Однажды я сказал: «Ты сильная». Разговор тогда, кажется, зашел о наших все более осложняющихся, уже почти исчерпанных отношениях, хотя под пеплом еще что-то продолжало тлеть (и как я потом убедился, во всяком случае касательно себя – так и не угасло окончательно) – нас неудержимо относило в разные стороны.
«Да, ты так считаешь?» – Она даже не усмехнулась, но в этом ее вопросе отчетливо послышалось несогласие.
Правда, градус ее жизненной силы иногда резко падал, почти до нуля, причем в самых странных ситуациях, – вдруг охватывала черная меланхолия (но и тут чувствовалась какая-то недюжинная сила – отрешенность и горькая складка у губ, а не романтическая грусть), особенно весной.
Именно весной у нее начиналось что-то вроде депрессии. Такое ощущение, говорила, что от тебя что-то требуется, причем очень настойчиво, а ты не знаешь что. Это как болезнь, только без каких-то особенных физических признаков, просто тоска…
В одну из таких минут она сказала: «Мне кажется, я скоро умру…»
Тогда я не придал этой фразе большого значения – все мы иногда так говорим, как бы примеряя на себя, хотя по-настоящему мало кто в это верит. Но тем не менее допускаем, и произносим с кажущейся беспечностью, будто стараясь привыкнуть к самой мысли, приучая себя к ней. Или просто напоминаем себе.
Кто-кто, а уж Леда меньше всего вызывала мысли о небытии – столько в ней было азарта жизни.
А может, в иные минуты она догадывалась? Подозревала что-то?
Или слышала зов небытия, потому что иногда этот зов становится не просто различим среди прочего, но и неотступен, заглушая все остальное.
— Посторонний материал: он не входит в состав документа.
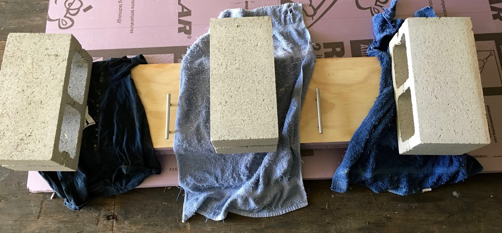 Make sure the glue you’re using is compatible with foamboard - some of the glues out there will eat foamboard, but most of the better ones are fine. With the handles mounted, I put a bunch of glue between the foamboard layers, and between the plywood and foamboard. Some handy cinderblocks (seriously, these are always useful to have around) serve as the clamp weights, and then it’s just a matter of waiting!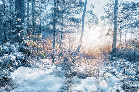 Magical winter sunset in frozen snowy forest.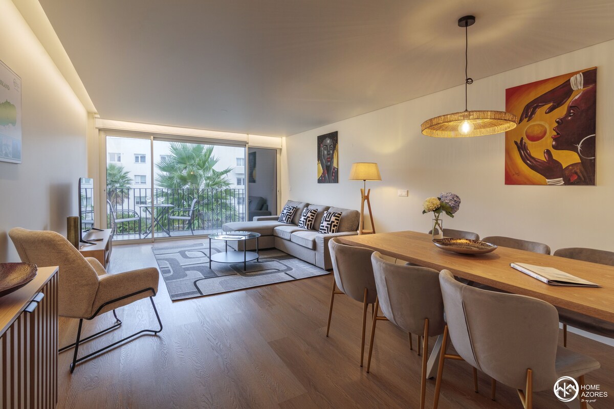 Apartment in the most modern and recent private condominium in the Ponta Delgada Center, next to the emblematic Coliseu of the City, with all the amenities for a relaxing and comfortable stay. Space with large areas and a light and modern decor. The Suite and the Balcony are facing west enjoying the view of the interior garden and the magnificent sunsets. It is close to main avenue, pools and downtown. The airport is 5 minutes drive away.

Он, как песнь Сирен, завлекает в неведомое, обещая покой и тишину – ту абсолютную свободу, которой бессознательно жаждет человек и от которой сломя голову бежит.
Однажды (в детстве) Леда слышала, как бабушка говорит отцу, что не может найти с внучкой контакта. То есть с ней, с Ледой.
Это у них было общее слово – материно и бабушкино (несмотря на их более чем прохладные отношения, «вооруженный нейтралитет», как определил сложность их сосуществования отец) – «контакт». То есть понимание, вроде так. Но что-то это слово подразумевало и еще, понимание – одно, а контакт – другое. Контакт без понимания возможен, а понимание без контакта – нет.
Обе они, мать и бабушка, обидевшись, сторонились друг друга так, словно совсем чужие (и вправду чужие, поскольку бабушка как никак была матерью отца). Закаменевали. Так и с Ледой. Да и с отцом тоже, на которого обычно сливали каждая свое, стараясь перетянуть на свою сторону, а тот, бедный, пытался лавировать и спотыкался на ровном месте, – казалось, им обеим доставляло удовольствие мучить его.
Мать – сыну (касательно его нежелания ссориться с женой): «Ты тряпка!» Жена – мужу (касательно его нежелания встать на ее сторону ввиду несправедливых упреков со стороны свекрови): «Ты маменькин сынок!»
Если отец не выдерживал и начинал выяснять отношения, пытаясь установить равновесие и хрупкий мир, то ссорился с обеими и в конце концов сбегал в контору, отсиживая там до позднего вечера и возвращаясь, когда жизнь дома сонно замирала.